* _WORK INSTRUCTION_: Would you give the listing back word for word once its pictures are removed?

* _DATASET RECORDS_:
# # # # # # #

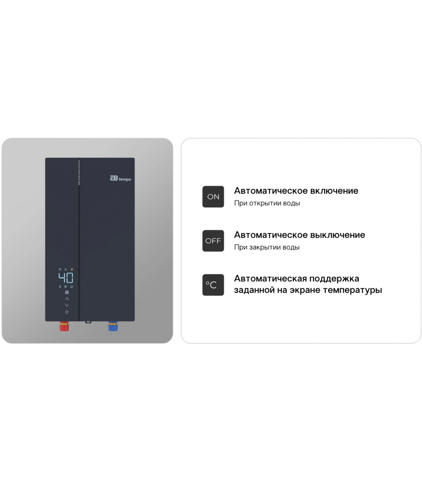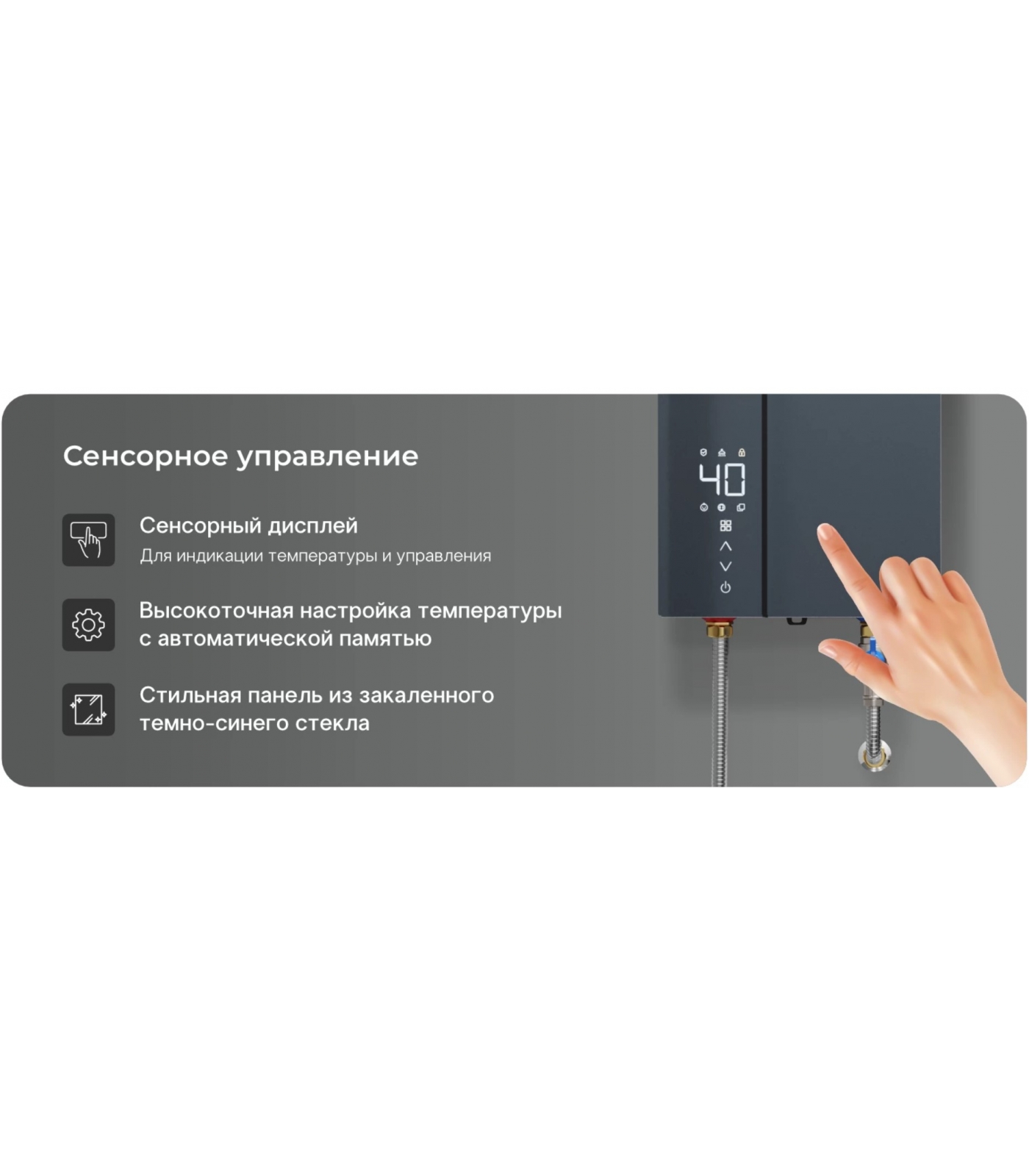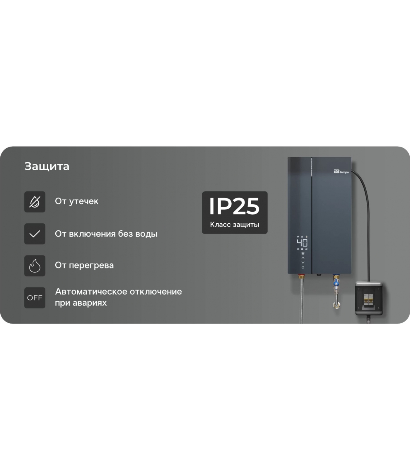 Прибор обеспечивает мгновенную подачу горячей воды. Без предварительного нагрева, без потерь на нагрев в режиме ожидания, энергосбережение.
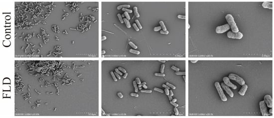 The inhibition of biofilm formation by FLD and its relationship to bacterial morphology was investigated. SEM results showed that the control group exhibited a predominantly uniform distribution of elliptical or rod-shaped cells, with little cell accumulation. However, after FLD treatment, significant changes were observed in comparison to the control group. Specifically, the application of FLD at a concentration of 32 μg/mL had a significant impact on cell morphology. In the 10 µm image, it is evident that after FLD treatment, cells tended to aggregate and form loosely arranged and stacked micro-clusters, creating a three-dimensional mesh-work. Additionally, some cell membrane structures appear to be disrupted, leading to cell death. Similarly, in the 5 µm and 2 µm images, the cell membrane exhibits significant shrinkage and an increase in cell aggregation (Figure 3).
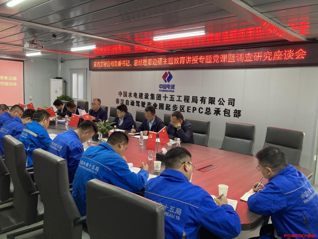 为认真贯彻落实习近平新时代中国特色社会主义思想和党的二十大精神,结合主题教育工作相关要求,10月19日,四公司党委书记、总经理赴项目一线开展主题教育专题党课暨调研座谈会,四公司党委工作部、总经理办公室相关人员,秦汉及沣东区域项目领导班子、部门负责人、党员等共计30余人参会。
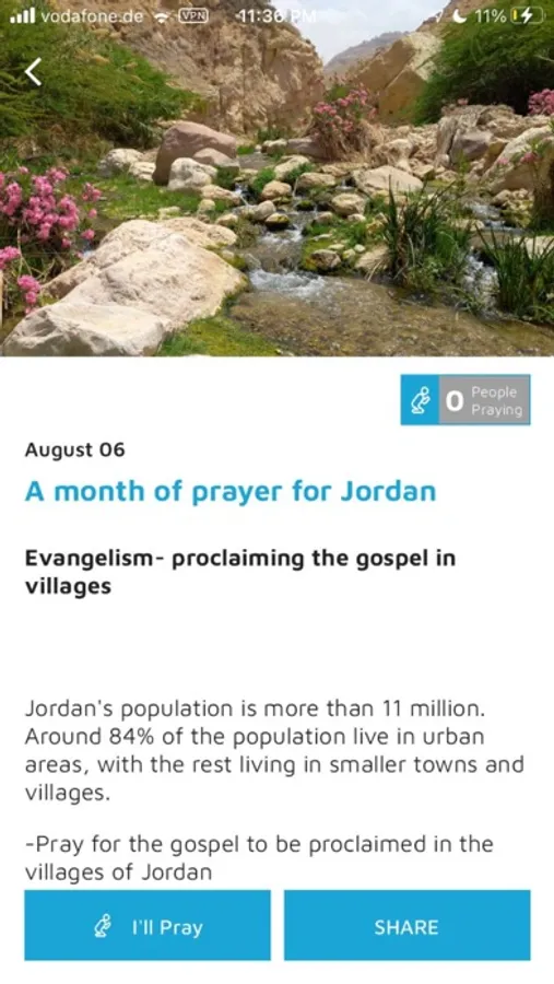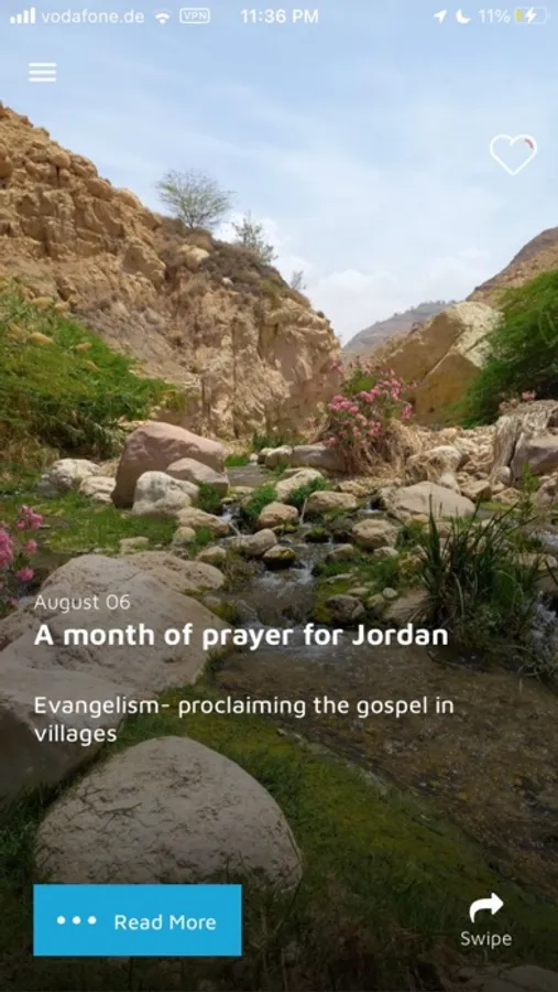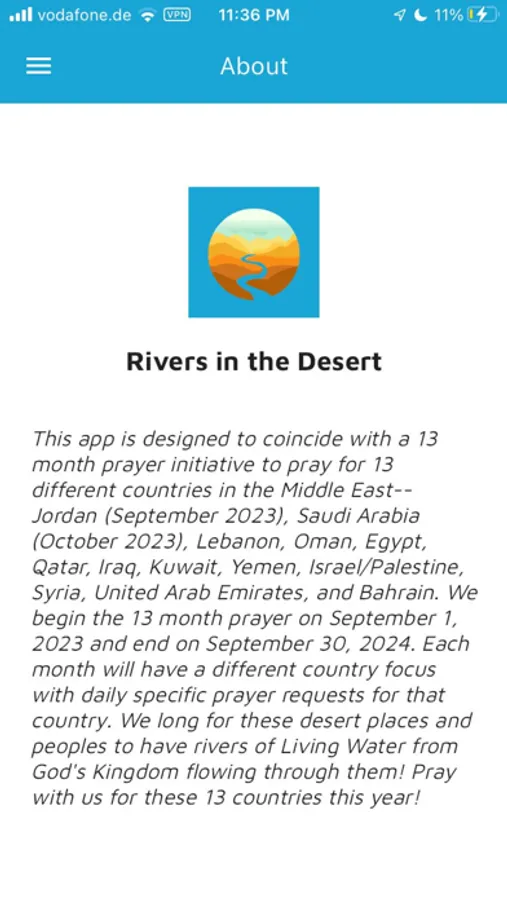 This app is designed to coincide with a 13 month prayer initiative to pray for 13 different countries in the Middle East--Jordan (September 2023), Saudi Arabia (October 2023), Lebanon, Oman, Egypt, Qatar, Iraq, Kuwait, Yemen, Israel/Palestine, Syria, United Arab Emirates, and Bahrain. We begin the 13 month prayer on September 1, 2023 and end on September 30, 2024. Each month will have a different country focus with daily specific prayer requests for that country. We long for these desert places and peoples to have rivers of Living Water from God's Kingdom flowing through them! Pray with us for these 13 countries this year!
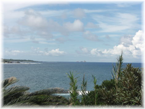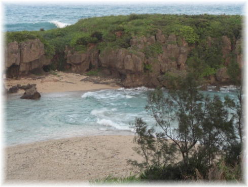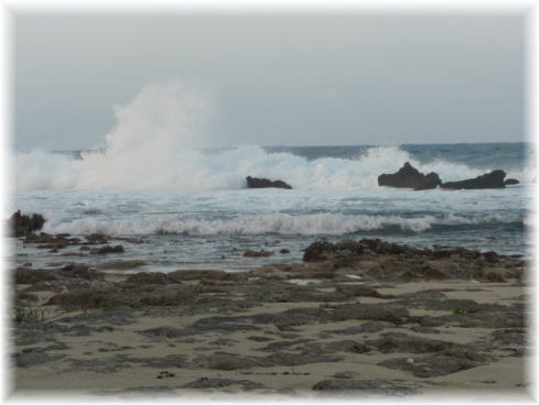 | まだ波が高いですが、いく分落ち着いてきました。 大潮なので、満潮時には道のところまで水が来ます。 砂浜の様子が変わり、両方から押し寄せた波が戦っていて、海峡のようです。 こうなっていると、怖くて海遊びも無理です。 |
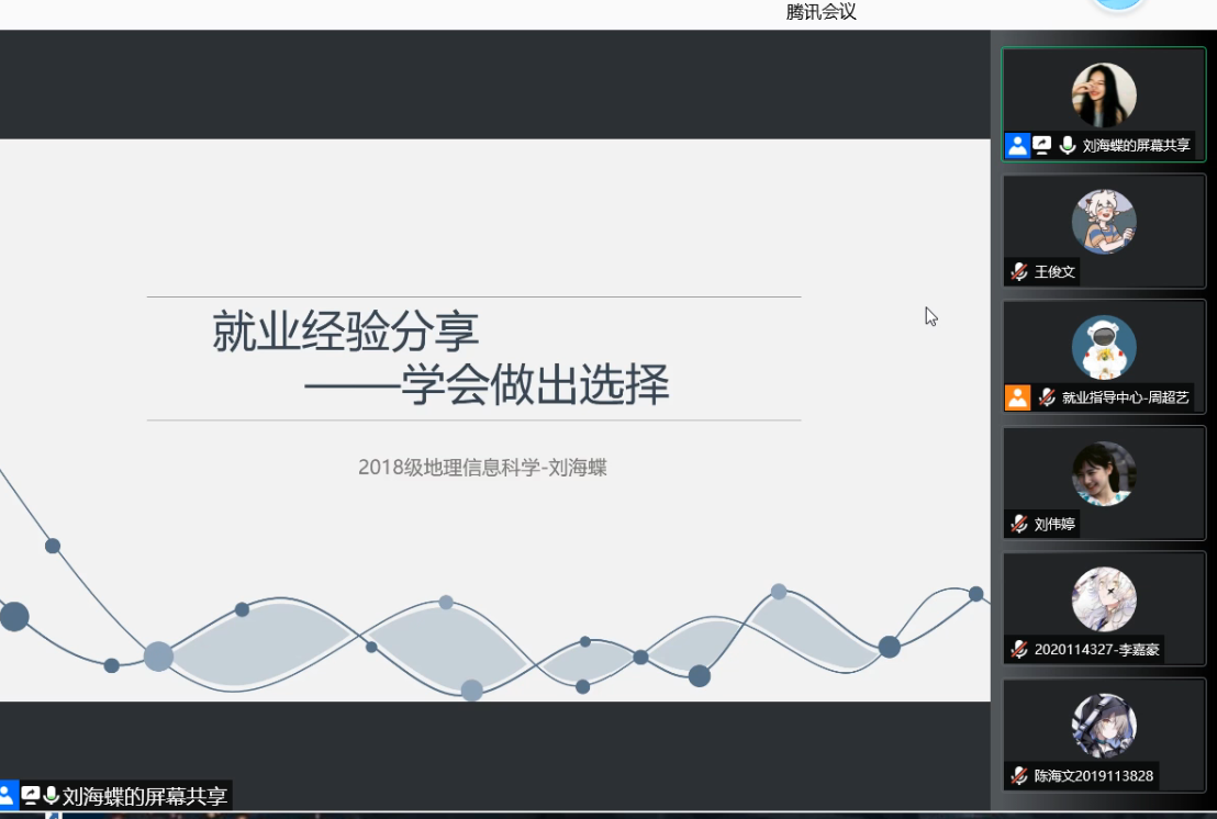 2021年10月21日晚19:30,地球科学与环境工程学院邀请学院优秀毕业生开展“生涯番茄”就业指导系列第一期讲座,本次活动通过线上平台“腾讯会议”进行,主讲人为我校2018级地理信息科学毕业生,现已签约上海华测导航技术股份有限公司的刘海蝶学姐,刘海蝶学姐作为预备党员,始终以身作则,现举办主题为“学会做出选择”的活动。

# # # # # # #

* _YOUR SOLUTION_:
 Прибор обеспечивает мгновенную подачу горячей воды. Без предварительного нагрева, без потерь на нагрев в режиме ожидания, энергосбережение.
 The inhibition of biofilm formation by FLD and its relationship to bacterial morphology was investigated. SEM results showed that the control group exhibited a predominantly uniform distribution of elliptical or rod-shaped cells, with little cell accumulation. However, after FLD treatment, significant changes were observed in comparison to the control group. Specifically, the application of FLD at a concentration of 32 μg/mL had a significant impact on cell morphology. In the 10 µm image, it is evident that after FLD treatment, cells tended to aggregate and form loosely arranged and stacked micro-clusters, creating a three-dimensional mesh-work. Additionally, some cell membrane structures appear to be disrupted, leading to cell death. Similarly, in the 5 µm and 2 µm images, the cell membrane exhibits significant shrinkage and an increase in cell aggregation (Figure 3).
 为认真贯彻落实习近平新时代中国特色社会主义思想和党的二十大精神,结合主题教育工作相关要求,10月19日,四公司党委书记、总经理赴项目一线开展主题教育专题党课暨调研座谈会,四公司党委工作部、总经理办公室相关人员,秦汉及沣东区域项目领导班子、部门负责人、党员等共计30余人参会。
 This app is designed to coincide with a 13 month prayer initiative to pray for 13 different countries in the Middle East--Jordan (September 2023), Saudi Arabia (October 2023), Lebanon, Oman, Egypt, Qatar, Iraq, Kuwait, Yemen, Israel/Palestine, Syria, United Arab Emirates, and Bahrain. We begin the 13 month prayer on September 1, 2023 and end on September 30, 2024. Each month will have a different country focus with daily specific prayer requests for that country. We long for these desert places and peoples to have rivers of Living Water from God's Kingdom flowing through them! Pray with us for these 13 countries this year!
 | まだ波が高いですが、いく分落ち着いてきました。 大潮なので、満潮時には道のところまで水が来ます。 砂浜の様子が変わり、両方から押し寄せた波が戦っていて、海峡のようです。 こうなっていると、怖くて海遊びも無理です。 |
 2021年10月21日晚19:30,地球科学与环境工程学院邀请学院优秀毕业生开展“生涯番茄”就业指导系列第一期讲座,本次活动通过线上平台“腾讯会议”进行,主讲人为我校2018级地理信息科学毕业生,现已签约上海华测导航技术股份有限公司的刘海蝶学姐,刘海蝶学姐作为预备党员,始终以身作则,现举办主题为“学会做出选择”的活动。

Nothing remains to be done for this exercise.